In Chicago Hands continued his propensity as a slow starter and '66 was a more-or-less lost season but in '67 he improved nicely as a long man in the pen and spot starter, adding six saves to his record. The next year he got promoted to the rotation and had what would be sort of a signature year for him there: lots of homers given up (he led the league in '68 with 26) but for relatively little damage since he gave up very few walks. He was a groundball pitcher and the homers were generally results of non-breaking sliders. He joined Fergie Jenkins as a 20-game winner in '69, a year in which he continued to perform well down the stretch as his team collapsed around him. After a decline in innings in '72 he was sent to the Twins with Joe Decker for Dave LaRoche. In Minnesota Bill went back to being the long man/ spot starter in '73 and '74 - he had three saves each year - before he was nabbed off waivers by the Rangers late in '74. For Texas he had two excellent starts down the stretch and then a season in the rotation the following year where apparent back ailments contributed to him having only 18 starts with a 6-7 record and a 4.02 ERA. In early '76 he was sent to the Mets for George Stone but he never played again and finished with a record of 111-110 with a 3.35 ERA, 72 complete games, 17 shutouts, and 14 saves.

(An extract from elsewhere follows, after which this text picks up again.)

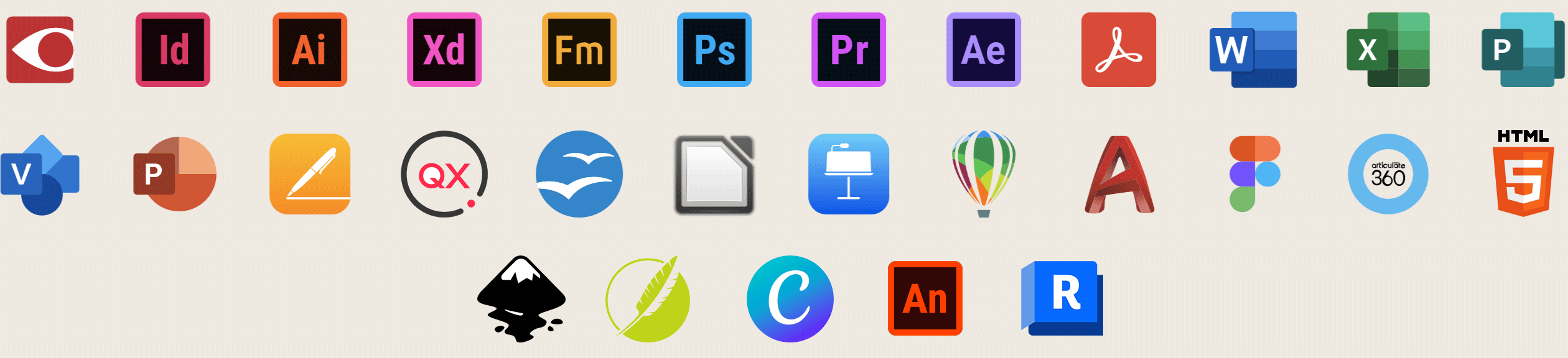 We work with a wide variety of software products including Adobe InDesign (.indd, .idml), ABBYY FineReader (.jpg, .png), Microsoft Word (.docx), Microsoft PowerPoint (.pptx), Adobe FrameMaker (.mif, .fm), AutoCAD (.dwg, .dxf), Adobe Illustrator (.eps, .ai), Adobe Photoshop (.psd), Microsoft Excel (.xlsx), Microsoft Visio (.vsdx), Microsoft Publisher (.pub), Articulate Storyline 360 (.story), OpenOffice (.odt), LibreOffice (.odt), Adobe Acrobat (.pdf), Adobe After Effects (.aep), Adobe Premiere Pro (.ppj), Adobe XD (.xd), CorelDRAW (.cdr), Figma (.fig), Keynote (.key), Pages (.pages), QuarkXPress (.qxp), HTML (.htm, .html), Inkscape (.svg), Canva, MadCap Flare (.flprj), Adobe Animate (.fla), Autodesk Revit (.rvt).

Hands had worked for oil companies during the off-season while he was playing which he continued to do after he retired. In '85 he bought a service station on Long Island and also started his own home delivery heating oil business, both of which did pretty well. As of 2006, according to an interview linked to here, he still showed up regularly at his station for work and has been a happy fisherman and golfer.

The two minor league seasons mentioned in the star bullets were by far Bill's best at that level. He'd better have enjoyed boating for all the fishing he did.

In 1973, on November 2 Bob Dylan began recording his first non-Columbia album. Dylan had gone free agent and the resulting album, "Planet Waves" would be his first to top the charts. In '74 on the same date, George Harrison became the first former Beatle to go on a world tour (with Billy Preston, among others). On the US charts, Stevie Wonder took over the top with "You Haven't Done Nothing."

As indicated above, these guys were both long-time Cubbies so this one's easy:

1. Hands and Ron Santo '66 to '72 Cubs.